Therefore, I do not think that when Tolkien wrote the Hobbit he actually ever meant to add it into his history (he even added a new species for his new book!). I believe that all he was thinking about was a children's book. But when his ideas for LOTR started forming, he found a way to incorporate the book. His lack of planning in the beginning would account for any inconsistancies (i.e. rescuing princesses and gun powder mentions). 

However, I could be very wrong, and if that is proven, I will stand corrected. But if I am correct, the eagles would be different.


----------



## baragund (Jul 26, 2004)

My, this is becoming a quite interesting discussion!  And who said our Forum is running out of things to discuss??

First, I think we are almost in agreement. I believe I understand what you are saying, Nenya, but I could do a better job explaining myself.

Regarding linkages from The Hobbit to the overall mythology, they are sprinkled throughout the book but a delightful passage is found in "A Short Rest" where Bilbo and company meet Elrond. Here we have the following:

"The master of the house was an elf-friend - one of those people whose fathers came into the strange stories before the beginning of History, the wars of the evil goblin and the elves and the first men in the North. In those days of our tale there were still some people who had both elves and heroes of the North for ancestors, and Elrond the master of the house was their chief."

And then...

"He [Elrond] comes into many tales, but his part in the story of Bilbo's great adventure is a small one..."

Next...

"Elrond knew all about runes of every kind. That day he looked at the swords they had brought from the trolls' lair, and he said: 'These are not troll-make. They are old swords, very old swords of the High Elves of the West, my kin. They were made in Gondolin for the Goblin-wars..."
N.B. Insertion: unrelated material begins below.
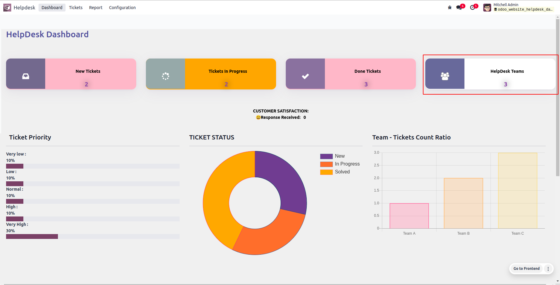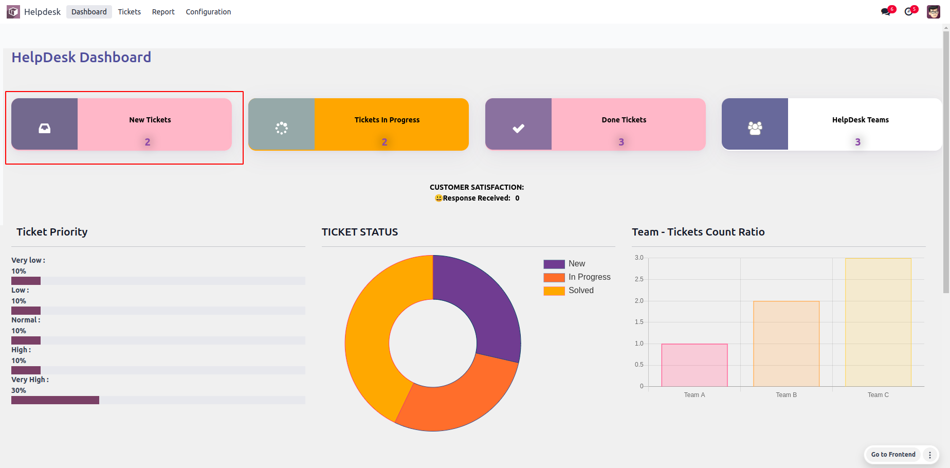 • View status of tickets in the Doughnut Chart.
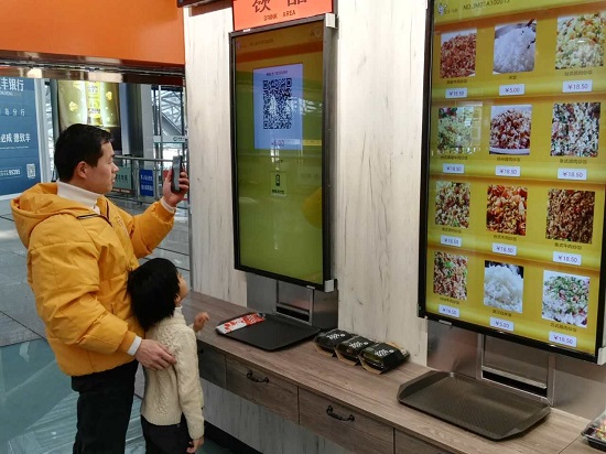 筆者は大型ディスプレイに表示されている料理?主食?飲み物の種類と価格に基づき選択を終えると、タッチパネルを操作し注文してみた。価格は26元(1元は約16.1円)と表示された。それからQRコードをスキャンし、微信(WeChat)もしくは支付寶(アリペイ)で決済すれば、スマートシステムは直ちに料理の加熱を開始し、料理を運んでくれた。プロセス全體がスムーズで効率的だった。

Finally, when Elrond translates the moon-letters 'and the setting sun with the last light of Durin's Day will shine upon the key-hole.'

"'Durin, Durin!' said Thorin. 'He was the father of the fathers of the eldest race of the Dwarves, the Longbeards, and my first ancestor: I am his heir.'"

Here we have references to 'High Elves of the West', 'Gondolin', the 'Goblin-wars, 'Longbeards'. Each of these are referenced not only in the overall mythology, but they were included in the earliest Silmarillion, written in 1926-1930 and the Quenta Silmarlillion, written in 1930. Even Elrond existed as a character in the mythology by 1930. (You can find all that stuff in HOME vol. IV, The Shaping of Middle-earth.)
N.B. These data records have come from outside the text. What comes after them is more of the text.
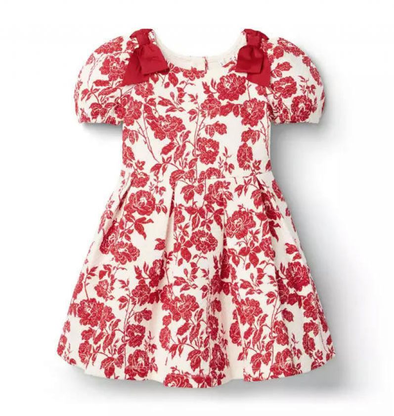 Florals are something to celebrate with our occasion-worthy dress. Featuring allover quilting and bows at the shoulders, plus puff sleeves and a pleated skirt.
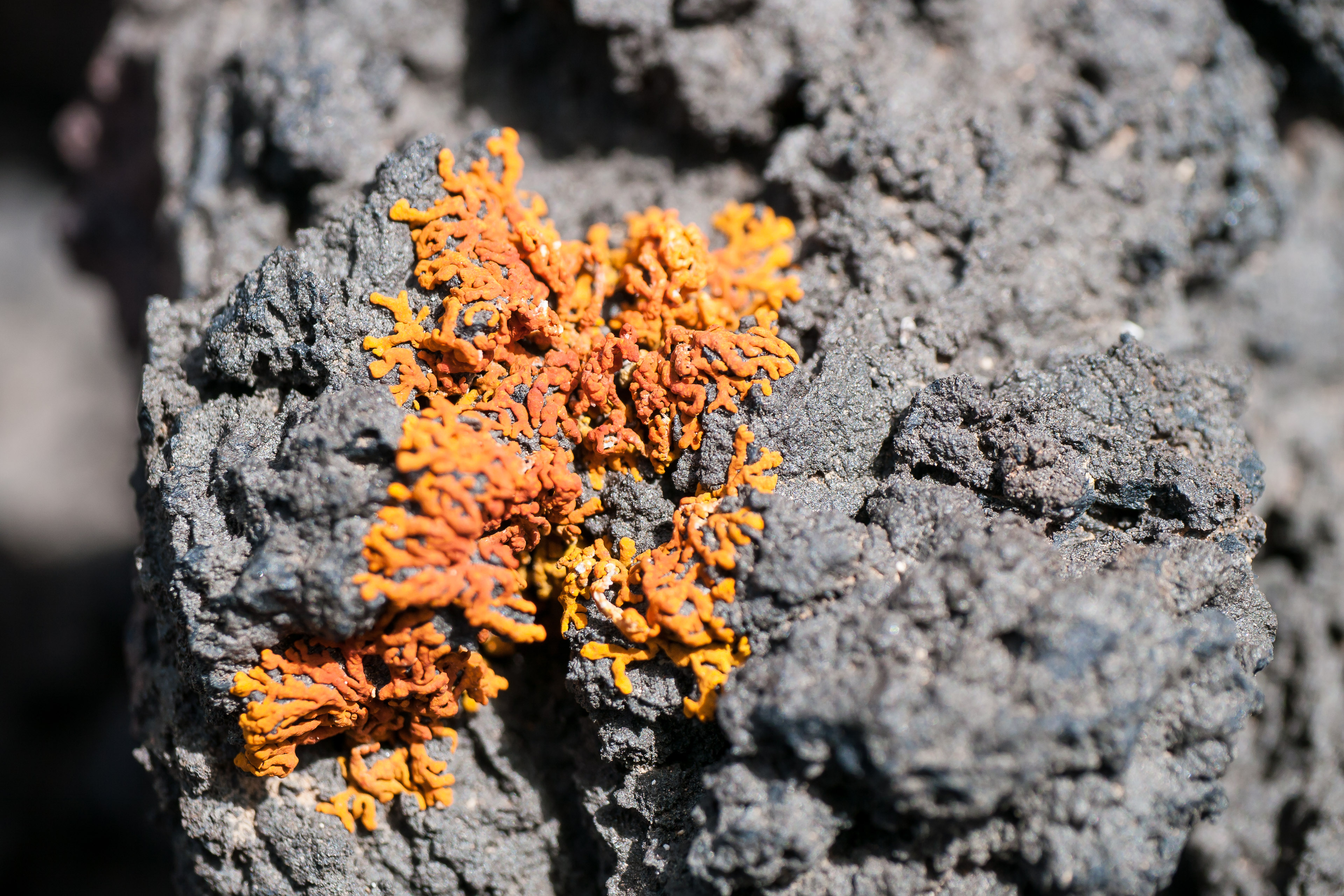Bright orange lichen on dark grey volcanic rock.
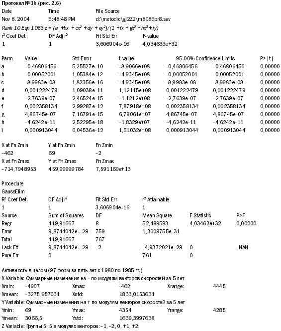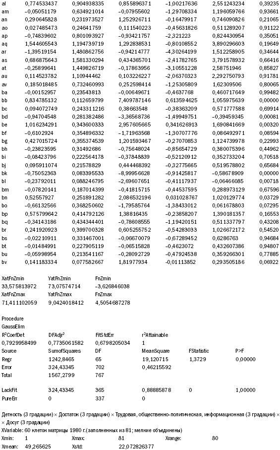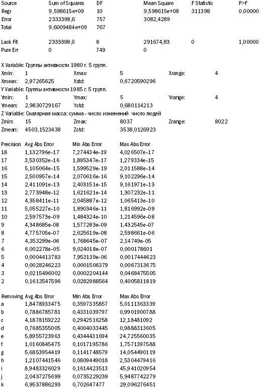 В разделе «Date» протокол показывает, что по всем 768 людям эмпирически полученное значение «Z» совпадает с теоретически предсказываемой частотой, а значит, по замеру суммарных изменений все респонденты со 100% вероятностью попадают в соответствующие группы перехода, т. е. все «точки» ложатся на полученную в трехмерной графике замкнутую фигуру.
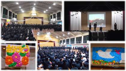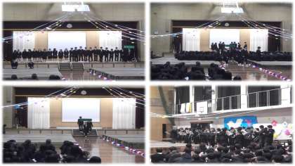 送る会のスタートです!3年生は舞台から登場し、会場の1・2年生に一礼し席に着きます。体育館は綺麗に装飾され、吹奏楽部の演奏に乗り会場の雰囲気は最高潮です!
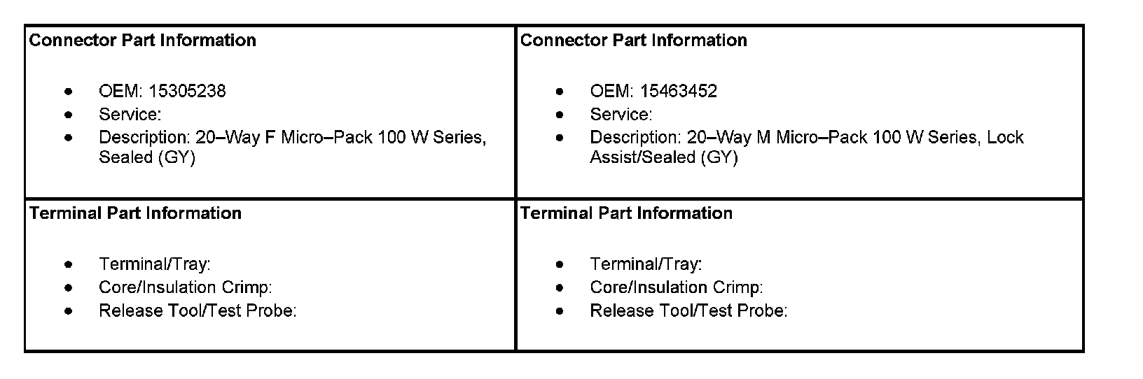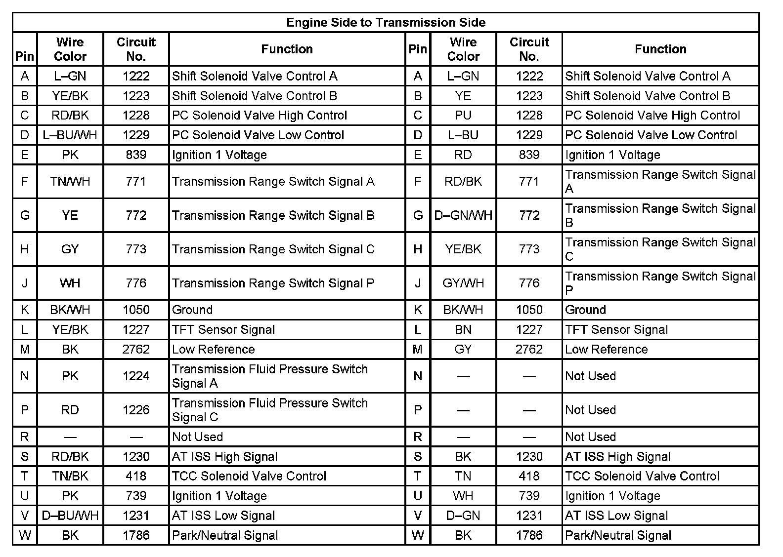 Automatic Transmission Inline 20-Way Connector End ViewEngine Side to Transmission SideEngine Side to Transmission Side:
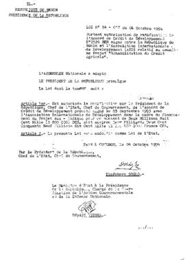 portant autorisation de ratification de l’Accord de crédit de développement n° 2529 BEN signé entre la République du Bénin et l’AID relatif au 2ème pr...
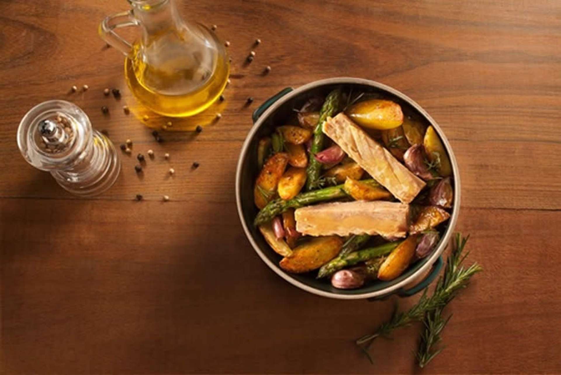 5. Retire do forno, acrescente os Filés de Atum em Azeite Extra Virgem COQUEIRO, regue com azeite e adicione o alecrim.
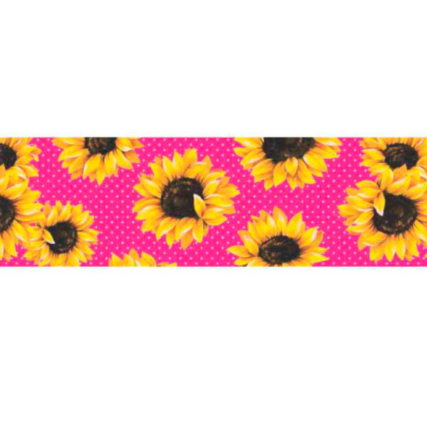 Descrição:Fita Gorgurão rosa com estampa de girassol amarelo.
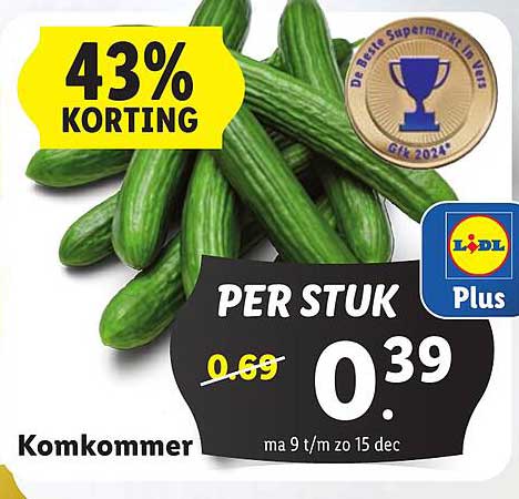 Bekijk de Komkommer aanbieding bij Lidl! Deze fantastische aanbieding is nu beschikbaar in de nieuwste Lidl folder. Profiteer van deze kans en bespaar flink op je aankoop.
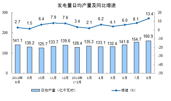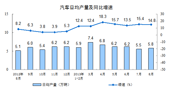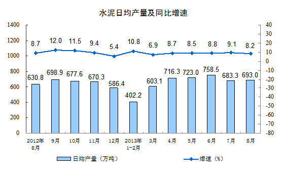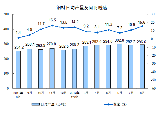 分產(chǎn)品看,8月份,464種產(chǎn)品中有305種產(chǎn)品同比增長。其中,發(fā)電量4987億千瓦時,同比增長13.4%;鋼材9194萬噸,增長15.6%;水泥21484萬噸,增長8.2%;原油加工量3974萬噸,增長5.5%;十種有色金屬337萬噸,增長5.7%;乙烯126萬噸,增長7.7%;汽車179.6萬輛,增長14.8%;轎車102.3萬輛,增長11.2%。
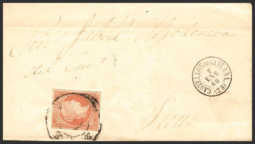 48. 1860. 4 cuartos rojo. CASTELLON a REUS. Matasello R. CARRETA Nº 23. ESCASAMENTE LEGIBLE.
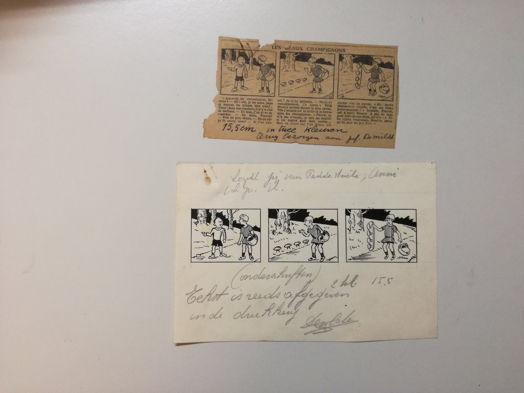 Antoon Mortier est le dessinateur principal du journal Ons Rakkersblad. Des dessins de ce dessinateur ont été mis aux enchères récemment. On trouve le dessin ci-dessus qui est un decalquage d’un dessin de Cuvillier. J’ai vu sur le site de la KBR qu’il en a au moins un autre.

As I said before, these glimpses show the The Hobbit was written to _fit_ into the overall mythology. The mythology was a living document. JRRT was always adding to it and refining it. The Hobbit, and LOTR became the next steps in the evolution of that mythology.
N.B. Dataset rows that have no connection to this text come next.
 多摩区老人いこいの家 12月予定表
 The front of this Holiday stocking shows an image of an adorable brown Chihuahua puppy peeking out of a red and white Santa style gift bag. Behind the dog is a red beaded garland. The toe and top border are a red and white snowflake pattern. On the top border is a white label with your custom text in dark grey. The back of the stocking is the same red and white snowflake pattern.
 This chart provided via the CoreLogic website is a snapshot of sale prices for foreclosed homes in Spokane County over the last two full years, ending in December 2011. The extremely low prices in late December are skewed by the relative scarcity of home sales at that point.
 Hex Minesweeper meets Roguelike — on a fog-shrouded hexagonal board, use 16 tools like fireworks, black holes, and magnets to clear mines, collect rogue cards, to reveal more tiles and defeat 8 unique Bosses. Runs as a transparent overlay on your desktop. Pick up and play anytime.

Of course JRRT had to write The Hobbit in different language to appeal to children and Hobbits did not appear in the mythology until he wrote The Hobbit. But I don't see the evolution of The Hobbit as a part of the mythology as much different from the evolution of, say, the story of Beren and Luthien or the story of the Nauglafring. 

Getting back to the Eagles, don't forget your garden-variety modern eagle could not carry something the size of a Hobbit, let alone a Dwarf or a Wizard, who is the size of a man. The eagles in The Hobbit are pretty exceptional and they don't strike me as inconsistent with the demi-god status you ascribe to them in LOTR and the rest of the mythology.


----------



## HLGStrider (Jul 31, 2004)

A mild suggestion: Perhaps, at this point, Tolkien's mythology was part of his mind that everything he wrote and thought about became part of it almost immediately. While during the first line "In a hole in the ground. . ." written on the paper, he didn't think of the myths, he would've probably by the time he got home that night realized that they were obviously part of his land scape. I imagine he began to weave hints of them into the story the moment he began to tell it to his boys.


----------



## baragund (Aug 1, 2004)

I agree, Elgee, that sounds reasonable.


----------



## Nenya Evenstar (Aug 2, 2004)

And I agree that sounds reasonable too. That is until I have the time and energy to come up with a rebuttle to baragund.


----------



## baragund (Aug 3, 2004)

Is this becoming a debate for its own enjoyment or is there something where you still aren't convinced? Either way, it's an interesting discussion.


----------



## Nenya Evenstar (Aug 4, 2004)

No, I am still not convinced.

I just think the idea that Tolkien might not have specifically written The Hobbit as a part of his mythology is interesting. Yes, I agree that he put references in there and that his mythology influenced the book, but I still do not see that as grounds to state that he originally _meant_ The Hobbit to actually be a part of his mythology. Tolkien did not decide to write The Lord of the Rings until a few years after writing The Hobbit. I cannot help but wonder if The Hobbit might have dwindled to be no more a part of the mythology than The Adventures of Tom Bombadil were if The Hobbit had not been a success and if he had not gotten the idea to make the One Ring into a larger storyline.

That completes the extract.